Surat pendampingan baptis: Oscar juga harus menunjukkan bahwa putranya telah didampingi dalam persiapan baptisan. “Karena kami aktif di lingkungan Gereja di Jogja, proses ini cukup terbantu,” ujarnya.
Penunjukan wali baptis: Tantangan terbesar adalah mencari wali baptis yang bisa hadir langsung di lokasi. Oscar akhirnya dibantu Romo Christianus Surinono, OCD, yang kini menjabat sebagai Definitor General (Sekretaris Jenderal) Ordo Karmel di Roma. Romo Christianus juga melengkapi surat pengantar dari parokinya di Roma.
Surat permohonan tertulis: Meski permohonan awal dilakukan lewat e-mail, pihak Vatikan tetap meminta surat resmi dalam bentuk tertulis.
Dokumen identitas diri: Dokumen terakhir meliputi paspor, akta lahir orangtua dan anak, serta paspor wali baptis.
Melewati Penjagaan Swiss Guard dan Proses yang Cepat
Oscar dan keluarganya diwajibkan hadir di Vatikan sehari sebelum jadwal baptis.
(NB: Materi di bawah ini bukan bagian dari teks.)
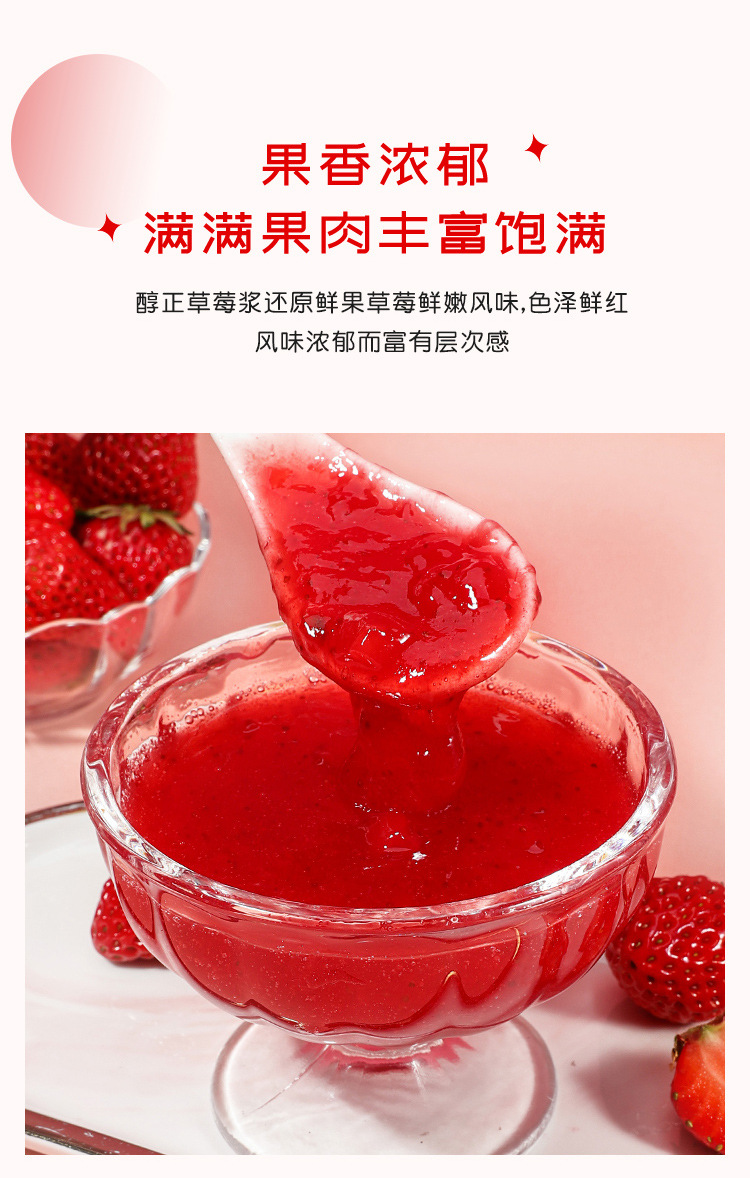 Клубничное варенье 1.2кг для молочного чая с кусочками пюре, фруктового чая, мороженого, порошка для выпечки

Mereka masuk lewat pintu khusus yang dijaga oleh Swiss Guard. “Petugas sampai tidak percaya ada orang Indonesia mau baptis di sana. Sampai dipanggilkan polisi untuk verifikasi. Tapi akhirnya kami diizinkan masuk dan menjalani proses validasi dokumen,” ujar Oscar.
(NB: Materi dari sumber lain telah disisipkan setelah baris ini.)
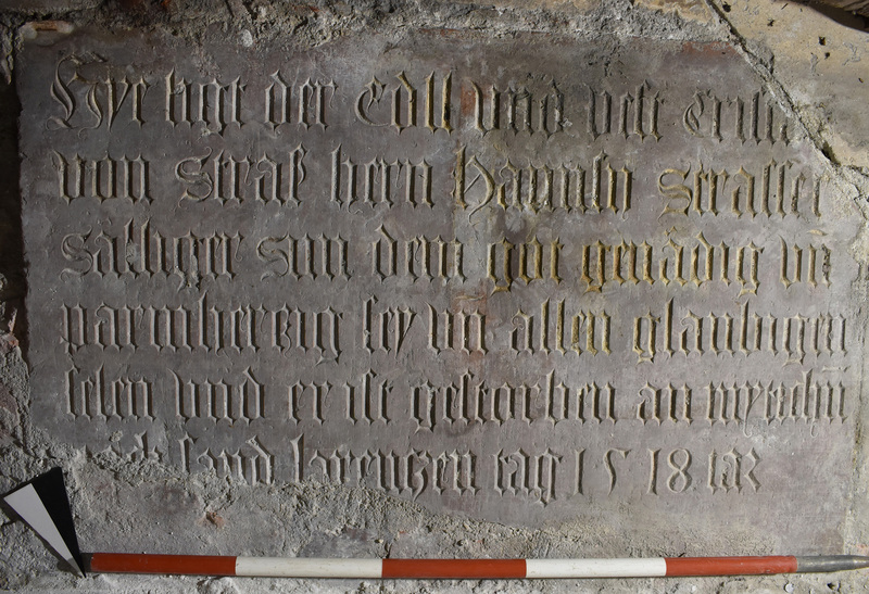 Auf die Ergebnisse aus den begleitenden archäologischen Maßnahmen darf man gespannt sein. Bei laufenden Arbeiten wurde das Archiv der Erzabtei St. Peter auf zwei Epitaphfragmente aufmerksam gemacht, die sich nebeneinander an nicht zugänglicher Stelle im nördlichen Seitenschiff befinden.26 Das erste Fragment zeigt das Überack’sche Wappen,27 während das zweite den Inschriftentext des Epitaphs auf Christoph Strasser enthält, der wie folgt lautet:28

Upacara pembaptisan digelar dalam bahasa Inggris, bukan bahasa Latin seperti yang dibayangkan sebelumnya. Meski demikian, maknanya tetap dirasakan mendalam oleh dia dan keluarganya. “Kami menganggap ini berkat yang luar biasa. Tapi yang paling penting bukan tempatnya, melainkan bagaimana kami membina keluarga yang guyub dan penuh kasih,” kata Oscar. Ia juga menegaskan bahwa tak ada maksud untuk mencari eksklusivitas. “Yang penting adalah anak kami masuk dalam komunitas Katolik. Itu yang utama,” tegas Oscar.